What this result means

The effective out-of-pocket cost is your housing payment after the net rental income is applied. When the rent covers the full payment the figure is zero or negative, meaning you live for free or even collect positive cash flow. When it covers most of the payment your housing cost is a fraction of what it would be alone, and a partial offset still leaves a real out-of-pocket cost each month. Every figure here depends on the units staying rented: a vacant month means you cover the full payment yourself, which is why the vacancy allowance matters. Rents, vacancy, and repair costs all vary, so treat this as a planning estimate for education, not financial advice or a guarantee of what a unit will rent for.

Assumptions

  • The housing payment is your full monthly cost for the whole property (principal, interest, taxes, insurance, plus any PMI and HOA dues), the amount you would owe if you rented nothing out.
  • Gross rental income is the total monthly rent from the units or rooms you do not occupy, at full occupancy. The effective rent is that gross rent minus a vacancy allowance, which is a percent of the gross rent (the share of the year the space sits empty).
  • Operating costs are a maintenance reserve plus an optional property management fee, each a percent of the rent actually collected (after vacancy), matching the rental-roi convention. Management at 0 percent means you self-manage. Net rental income is the effective rent minus these operating costs.
  • The effective out-of-pocket housing cost is your housing payment minus the net rental income. It is not floored: when the rent more than covers the payment the figure is negative, which is genuine positive cash flow rather than a cost.
  • The share of the payment covered by rent is the net rental income divided by the housing payment. It is not clamped, so it can read above 100 percent, and it is shown as not applicable when there is no housing payment (the ratio is undefined).
  • Vacancy is expressed as a percent of gross rent, and maintenance and management as percents of collected rent. All figures are monthly and in nominal dollars, rounded to the nearest cent, and are held constant (no growth in rent, expenses, or vacancy over time).
  • Not modeled: the purchase itself (price, down payment, rate, and closing costs, which the mortgage and buyer closing cost calculators cover), income taxes and the depreciation shelter, utilities you may split with tenants, capital expenditures beyond the maintenance reserve, and what happens after you move out and rent your own unit too.
  • Results depend on the space staying rented. A vacant month means you cover the full payment yourself. This is an estimate for educational purposes only, not financial, legal, or tax advice, and not a guarantee of what a unit will rent for.

Key terms

Definitions for the terms this calculator uses, in our finance glossary .

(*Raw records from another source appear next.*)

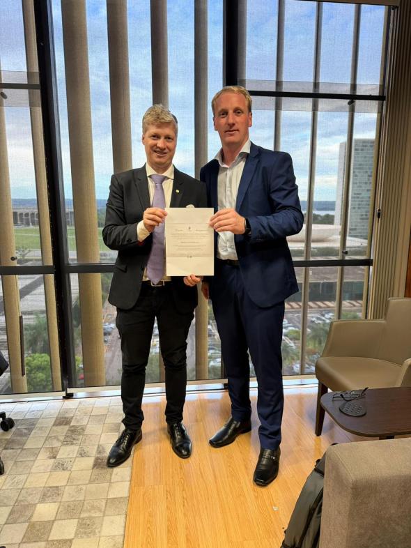 Por fim, o vice-prefeito reuniu-se com o deputado Marcel van Hattem, o convidando para a inauguração do Caminho da Fé e Devoção, ato que ocorrerá no próximo dia 21.
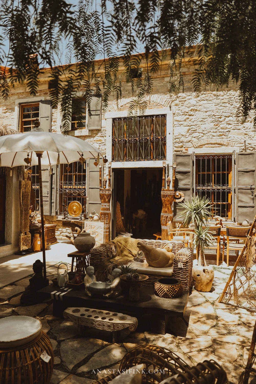 Ekrou Boutique is a shop on Uzun Street (Uzun Sk. No:4) that deserves its own visit. Inside — a long corridor of an old stone building filled with things brought from Bali and Southeast Asia: rattan chairs, wooden sculptures, carved lanterns, handwoven textiles.
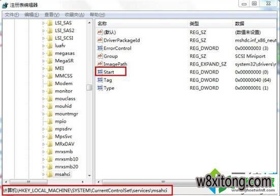 2.打开win8.1系统注册表编辑器,依次打开注册表,找到HKEY_LoCAL_MACHinE\system\CurrentControlset\services\Msahci下的 start 。如下图所示
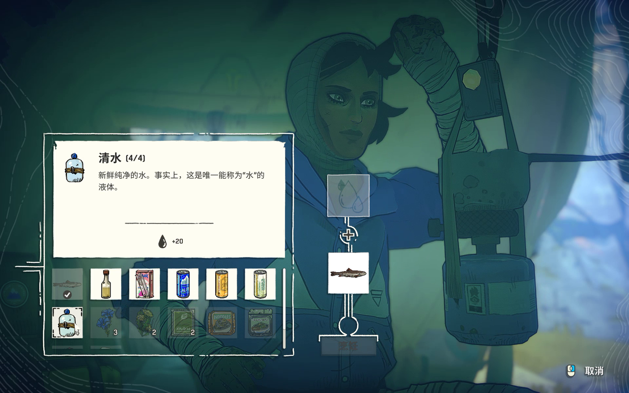 在帐篷内,玩家可以将采集到的草药与清水烹煮成恢复体力的热汤;或是包扎因持续摩擦而破损的双手;更可以通过睡眠来度过恶劣的天气或恢复精力,以最好的状态迎接下一段路程。
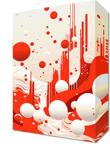 Obraz z serii abstrakcja zatytułowany Krwiście Czerwone Wibracje. Energetyczne kule i linie w tonacjach czerwieni i bieli tworzą wizualną symfonię, która pobudza zmysły. Gładkie fale łączą się z ostrymi, pionowymi liniami, tworząc uczucie ruchu i pulsacji. Czerwone krople unoszą się jak planety w kosmicznej przestrzeni, dodając obrazowi głębi i dynamiki. Jego odważny i nowoczesny design dodaje nuty świeżości i innowacyjności. Doskonale pasuje do nowoczesnych biur, studiów projektowych oraz przestrzeni artystycznych, gdzie kreatywność spotyka się z technologią.

What house hacking means and how it is calculated

House hacking is living in one part of a property and renting out the rest so the rent offsets your housing payment. This calculator answers one question: after realistic costs, how much of your monthly payment does the rent actually cover, and what do you pay out of pocket?

The offset is built in three steps.

1. Effective rent (after vacancy). Vacancy is the share of the year the rented space sits empty, expressed as a percent of gross rent:

effective rent = gross rent x (1 - vacancy percent)

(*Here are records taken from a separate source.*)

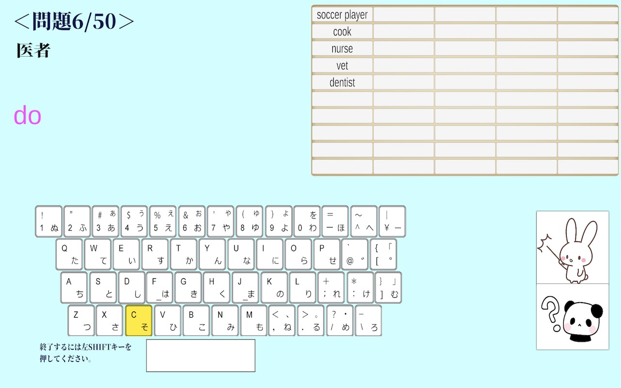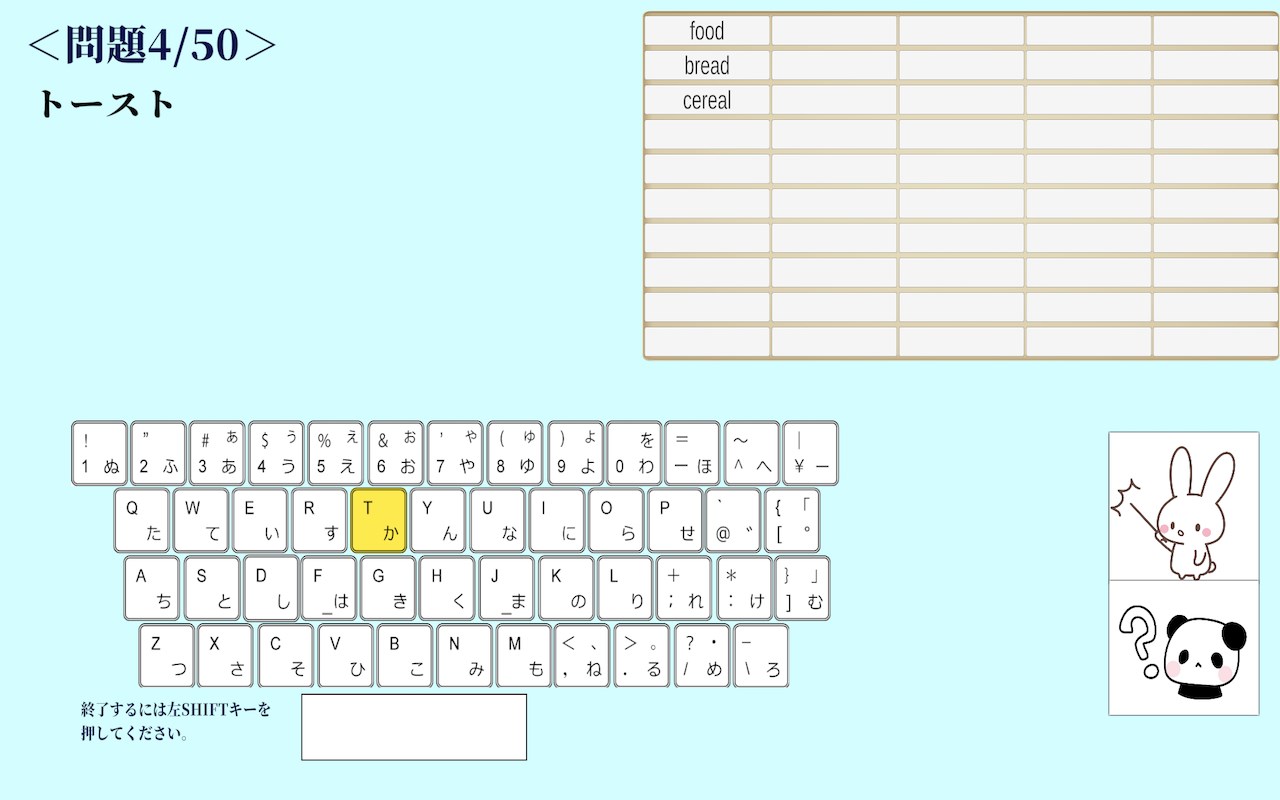 タイピング入力で英単語を学習するアプリです。小学校で習う550語を収録しています。スペルを指先の感覚で覚えることができます。
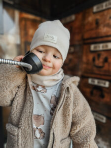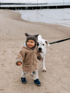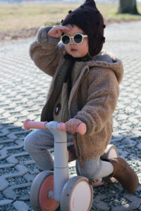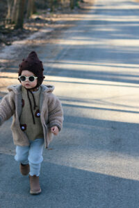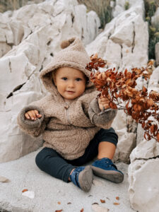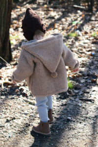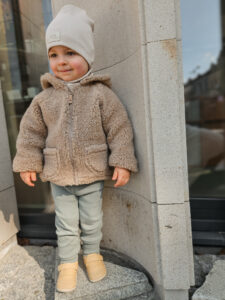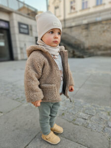Pehmeä ja erittäin lämmin lasten takki hupulla. Takissa on kaksi pientä taskua ja vetoketjukiinnitys. Huppu on koristeltu pompulalla. Sen tyylikästä ulkonäköä täydentävät ekologisen nahan yksityiskohdat.
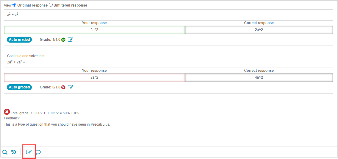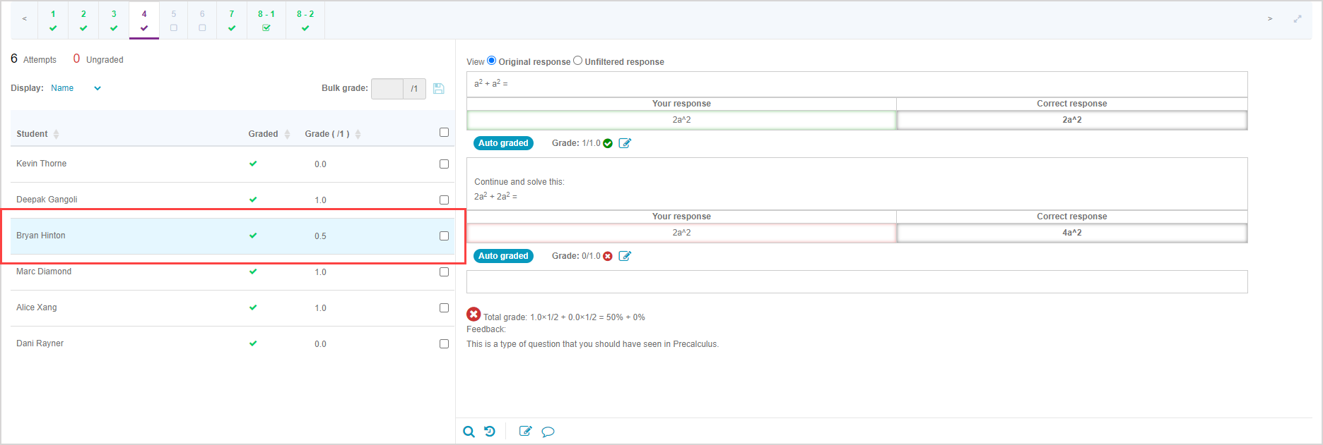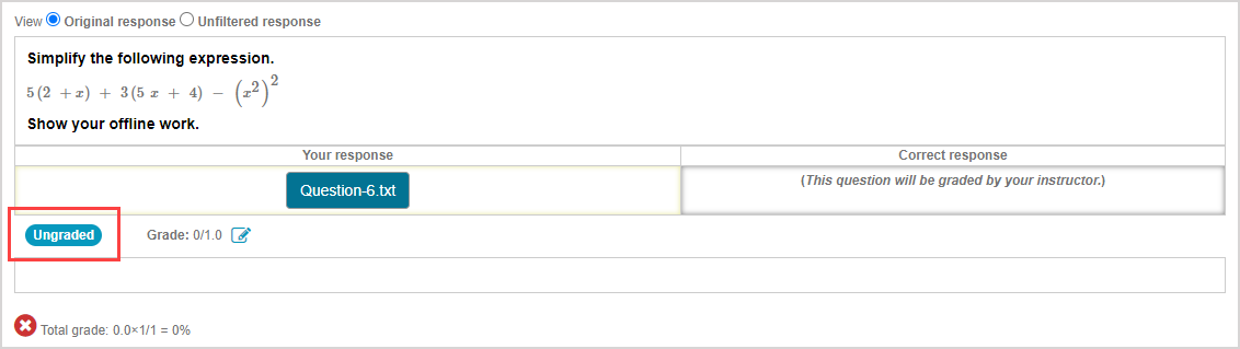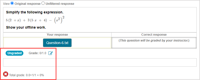 - Original response — Displays the response as the student would have entered it in the response entry field.

2. Net rental income (after operating costs). Maintenance and management are each a percent of the rent you actually collect (after vacancy), the same convention the rental-roi calculator uses:

net rental income = effective rent x (1 - maintenance percent - management percent)

3. Effective out-of-pocket cost. Subtract the net rental income from your full housing payment:

effective out-of-pocket = housing payment - net rental income

This figure is not floored. If the rent more than covers the payment it goes negative, which is real positive cash flow rather than a cost. The share of the payment the rent covers is:

coverage = net rental income / housing payment x 100

Coverage is not clamped, so it can read above 100 percent, and it is undefined (shown as not applicable) when there is no housing payment.

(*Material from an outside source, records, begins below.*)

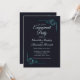 Eine elegante, tiefblaue Mitternachtsfeier mit türkisfarbenen, verzierten, blumengeschmückten Ecken, die die Einladungdetails abbilden.
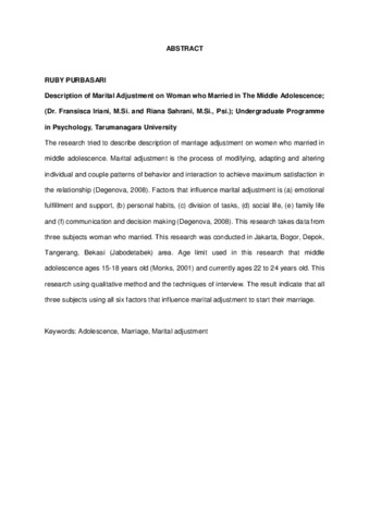 Purbasari, Ruby (2012) Gambaran penyesuaian diri pernikahan pada wanita yang menikah di usia remaja madya. Skripsi thesis, Universitas Tarumanagara.
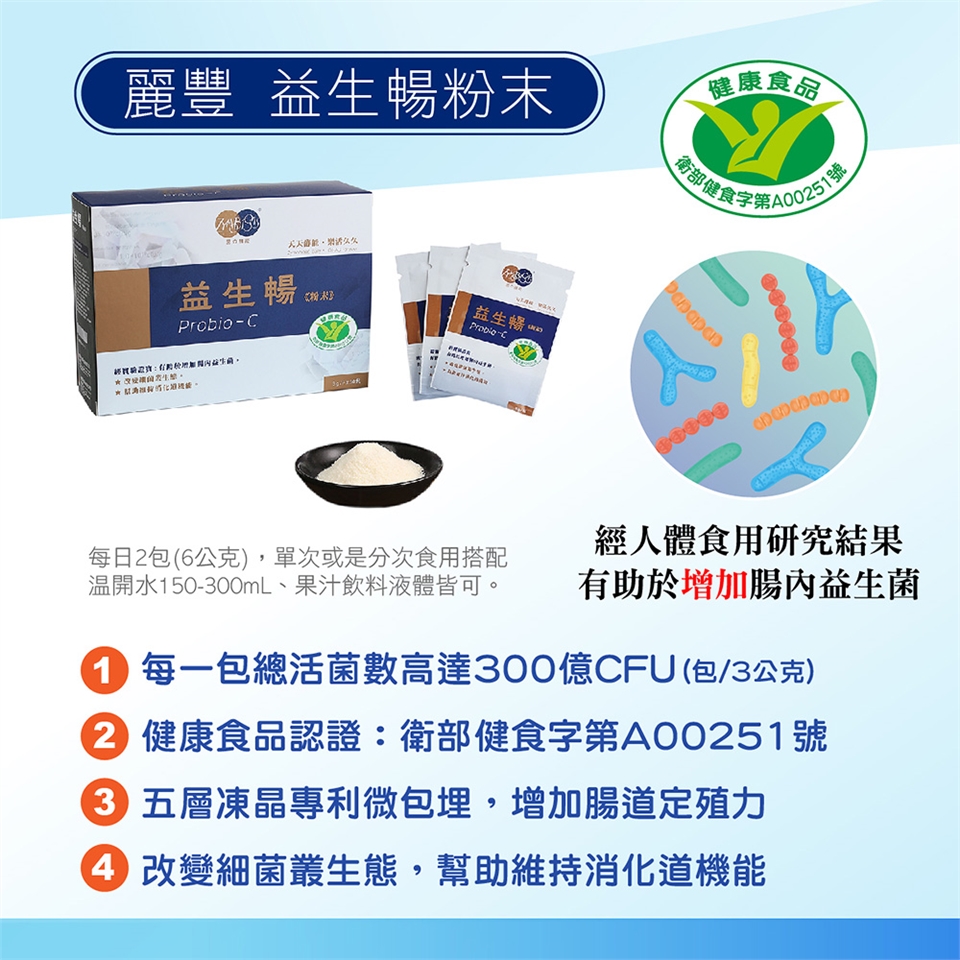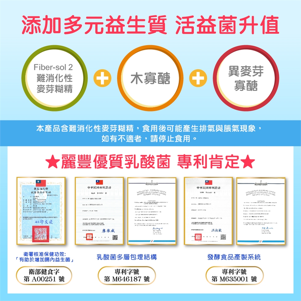 適用對象:幫助維持消化道機能、改變細菌叢生態、健康維持、使排便順暢。

The vacancy and operating-cost convention

  • Vacancy is a percent of gross rent (a common long-term-rental planning figure is 5 to 10 percent).
  • Maintenance and management are percents of collected rent (the rent after vacancy). Management at 0 percent means you self-manage, which is common when you live on-site.

Only costs attributable to the rented portion are modeled here. The purchase itself (price, down payment, rate, closing costs) is out of scope; use the mortgage and buyer closing cost calculators for that, then bring the resulting payment here.

Worked example

Using the defaults: a $2,600 monthly housing payment, $1,500 of gross rent from the other unit, a 5 percent vacancy allowance, a 5 percent maintenance reserve, and no management fee.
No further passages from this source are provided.